EXERCISE BRIEF: Reproduce only this stretch of the listing below: from the line with "बीकानेर। बीकानेर व्यापार" through the line with "Чугунная гиря весом", exactly as written, with pictures excluded.

DATASET RECORDS:
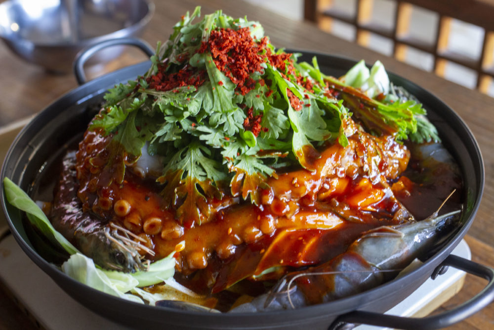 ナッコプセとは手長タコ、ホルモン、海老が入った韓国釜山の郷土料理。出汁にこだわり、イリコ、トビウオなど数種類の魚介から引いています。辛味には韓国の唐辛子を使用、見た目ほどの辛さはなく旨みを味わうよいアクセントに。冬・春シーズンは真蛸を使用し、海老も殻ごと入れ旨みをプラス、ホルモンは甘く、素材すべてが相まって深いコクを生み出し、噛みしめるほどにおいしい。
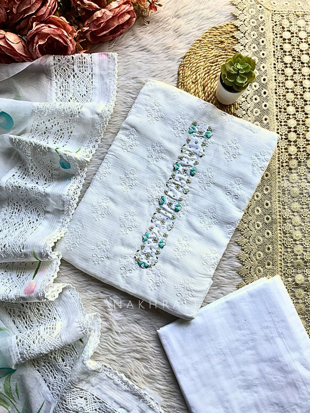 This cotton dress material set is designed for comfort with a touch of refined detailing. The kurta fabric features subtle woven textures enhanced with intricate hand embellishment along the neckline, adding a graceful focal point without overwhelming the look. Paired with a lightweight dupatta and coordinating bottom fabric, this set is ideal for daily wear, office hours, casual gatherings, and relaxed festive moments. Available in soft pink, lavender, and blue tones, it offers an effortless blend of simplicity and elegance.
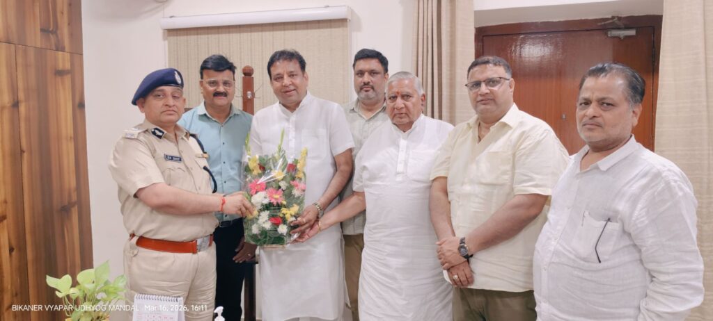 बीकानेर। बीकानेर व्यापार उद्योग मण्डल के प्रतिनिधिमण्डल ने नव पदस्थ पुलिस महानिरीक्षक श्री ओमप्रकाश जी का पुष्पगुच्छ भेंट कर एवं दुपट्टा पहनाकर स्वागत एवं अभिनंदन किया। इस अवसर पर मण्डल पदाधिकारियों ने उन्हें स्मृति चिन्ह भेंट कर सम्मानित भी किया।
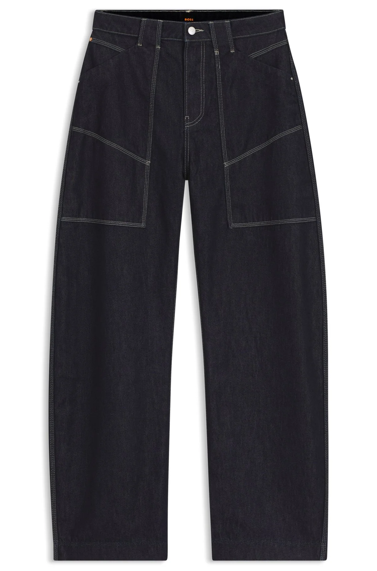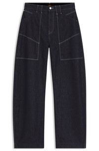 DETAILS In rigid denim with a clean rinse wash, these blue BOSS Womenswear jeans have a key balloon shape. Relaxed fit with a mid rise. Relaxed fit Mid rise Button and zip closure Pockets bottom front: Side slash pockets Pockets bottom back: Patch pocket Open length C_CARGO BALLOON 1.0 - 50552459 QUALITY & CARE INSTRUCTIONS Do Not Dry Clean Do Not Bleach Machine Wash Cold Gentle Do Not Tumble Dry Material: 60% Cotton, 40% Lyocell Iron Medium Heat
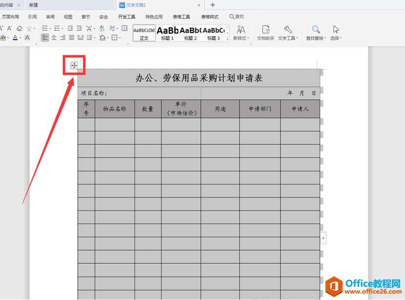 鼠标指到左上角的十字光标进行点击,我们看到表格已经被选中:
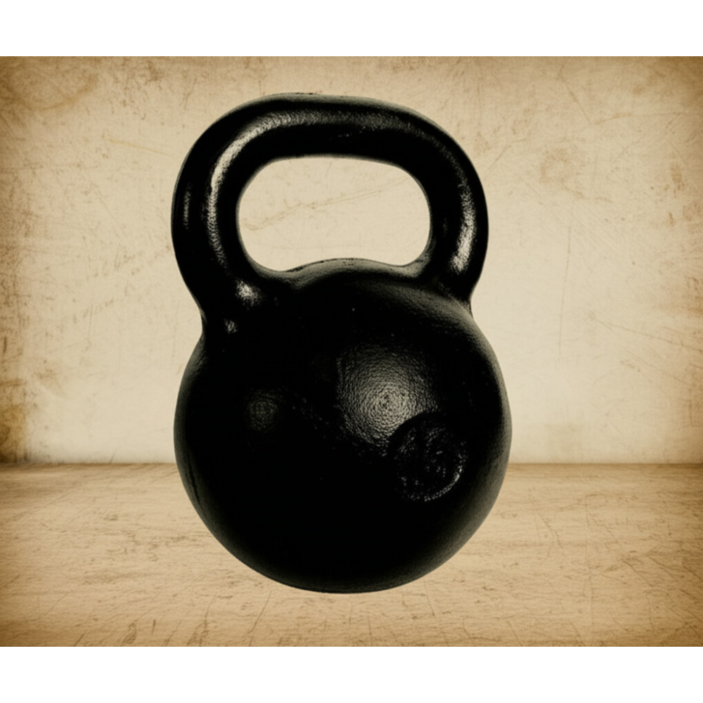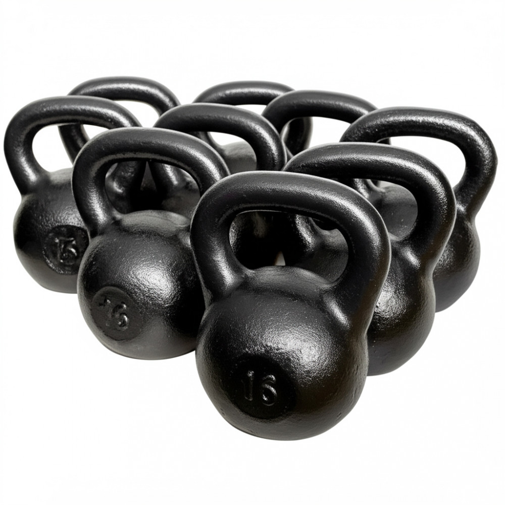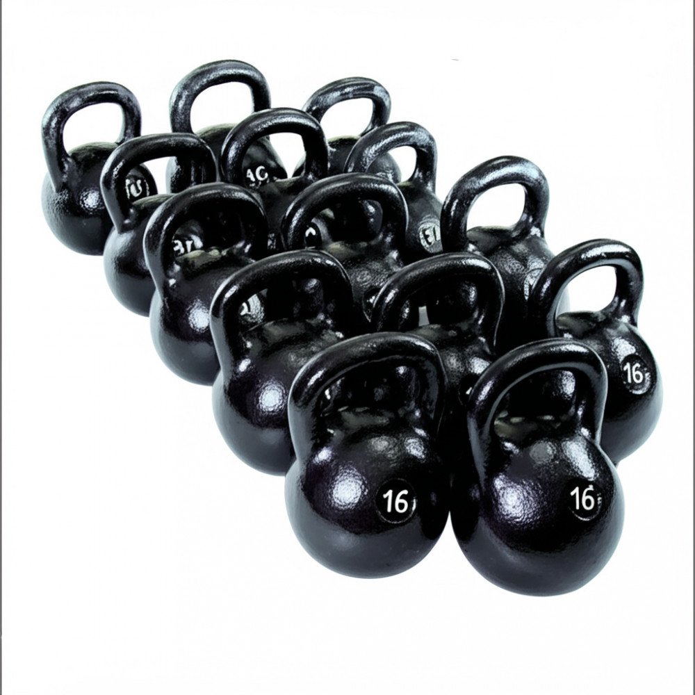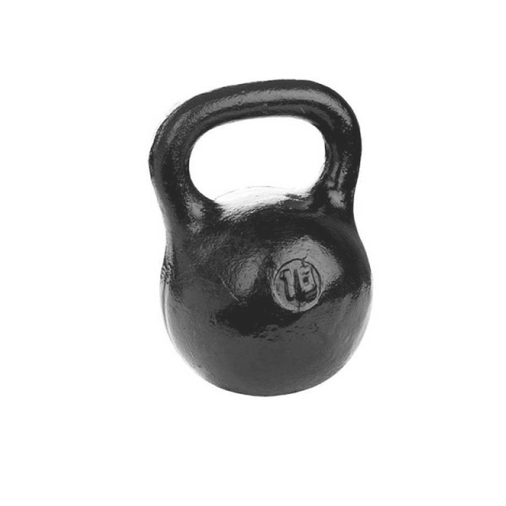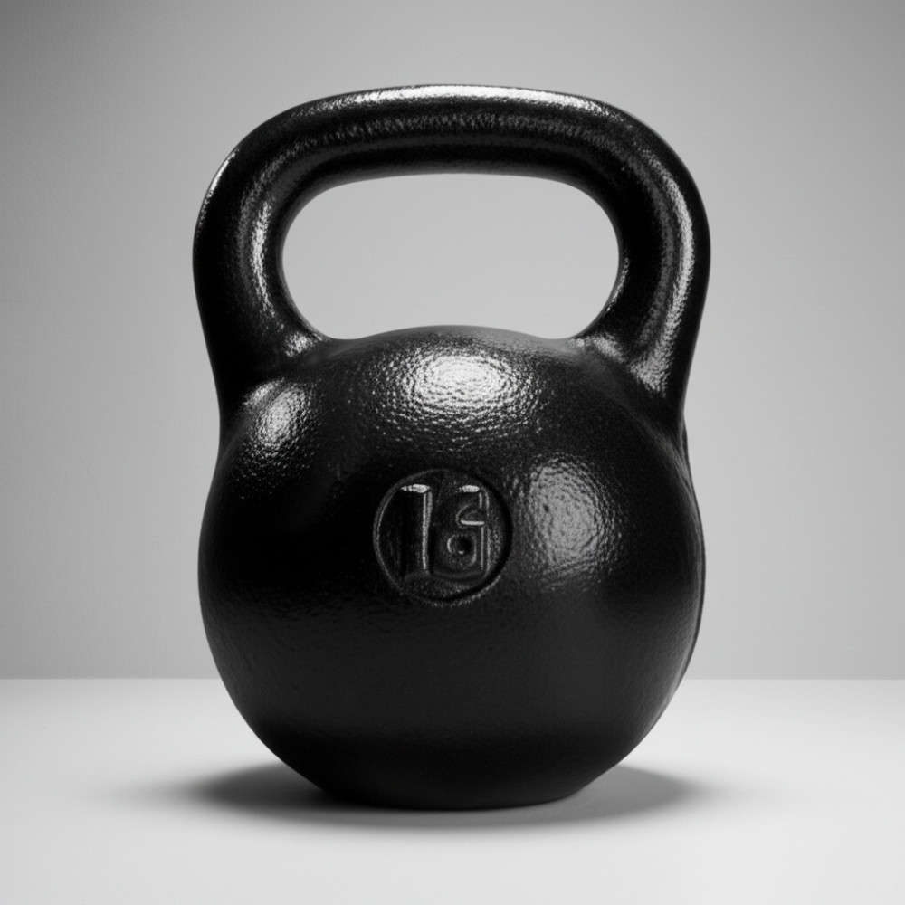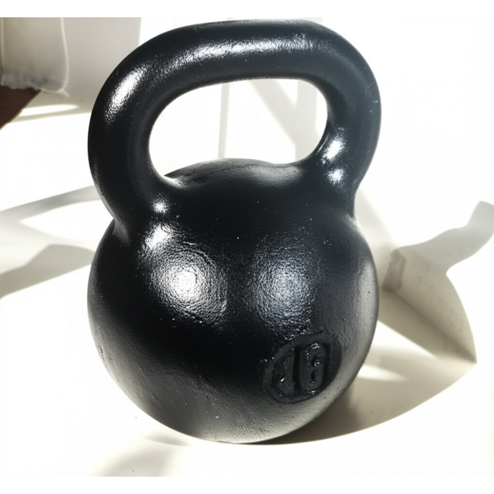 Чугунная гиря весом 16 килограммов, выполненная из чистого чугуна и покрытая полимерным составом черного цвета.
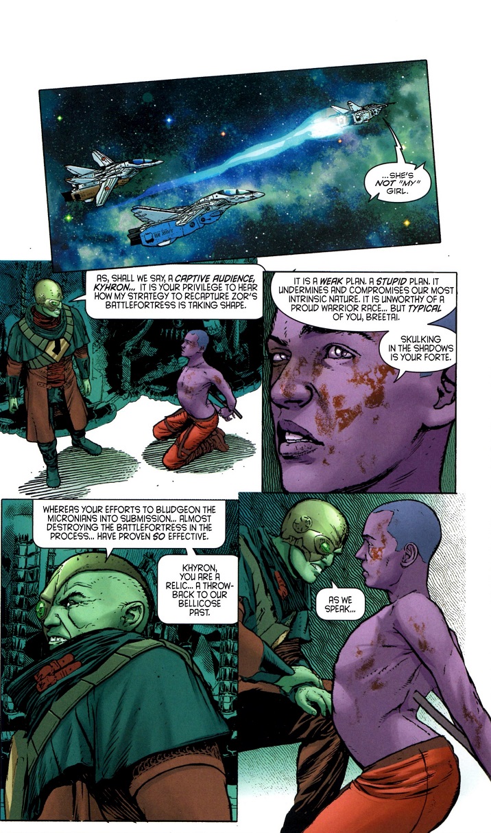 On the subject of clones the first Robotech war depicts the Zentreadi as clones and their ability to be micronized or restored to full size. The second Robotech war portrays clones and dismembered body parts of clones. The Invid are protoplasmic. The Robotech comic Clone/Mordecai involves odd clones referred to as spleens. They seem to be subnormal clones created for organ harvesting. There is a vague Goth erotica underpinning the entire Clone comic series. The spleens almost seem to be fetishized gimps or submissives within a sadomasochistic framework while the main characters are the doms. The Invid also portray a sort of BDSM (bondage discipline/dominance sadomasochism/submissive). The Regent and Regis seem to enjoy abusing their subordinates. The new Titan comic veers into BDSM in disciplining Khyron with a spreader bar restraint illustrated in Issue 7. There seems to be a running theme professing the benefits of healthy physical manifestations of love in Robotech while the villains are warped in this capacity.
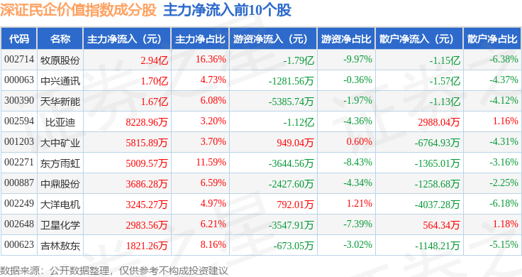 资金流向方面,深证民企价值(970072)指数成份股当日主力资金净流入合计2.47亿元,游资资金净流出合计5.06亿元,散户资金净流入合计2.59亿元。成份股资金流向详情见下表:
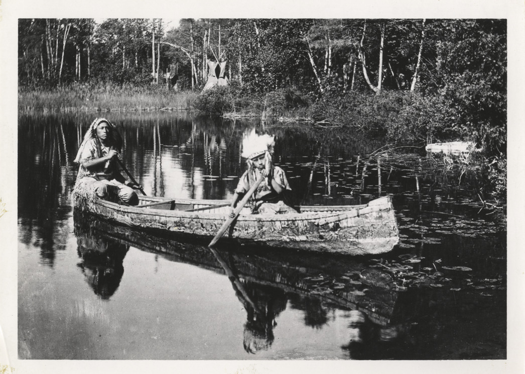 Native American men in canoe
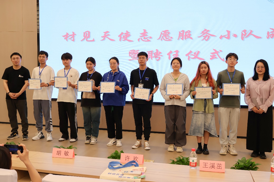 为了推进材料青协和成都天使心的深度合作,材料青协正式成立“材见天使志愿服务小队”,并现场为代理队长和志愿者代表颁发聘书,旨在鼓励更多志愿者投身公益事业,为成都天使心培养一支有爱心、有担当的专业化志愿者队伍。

TASK RESULT:
 बीकानेर। बीकानेर व्यापार उद्योग मण्डल के प्रतिनिधिमण्डल ने नव पदस्थ पुलिस महानिरीक्षक श्री ओमप्रकाश जी का पुष्पगुच्छ भेंट कर एवं दुपट्टा पहनाकर स्वागत एवं अभिनंदन किया। इस अवसर पर मण्डल पदाधिकारियों ने उन्हें स्मृति चिन्ह भेंट कर सम्मानित भी किया।
 DETAILS In rigid denim with a clean rinse wash, these blue BOSS Womenswear jeans have a key balloon shape. Relaxed fit with a mid rise. Relaxed fit Mid rise Button and zip closure Pockets bottom front: Side slash pockets Pockets bottom back: Patch pocket Open length C_CARGO BALLOON 1.0 - 50552459 QUALITY & CARE INSTRUCTIONS Do Not Dry Clean Do Not Bleach Machine Wash Cold Gentle Do Not Tumble Dry Material: 60% Cotton, 40% Lyocell Iron Medium Heat
 鼠标指到左上角的十字光标进行点击,我们看到表格已经被选中:
 Чугунная гиря весом 16 килограммов, выполненная из чистого чугуна и покрытая полимерным составом черного цвета.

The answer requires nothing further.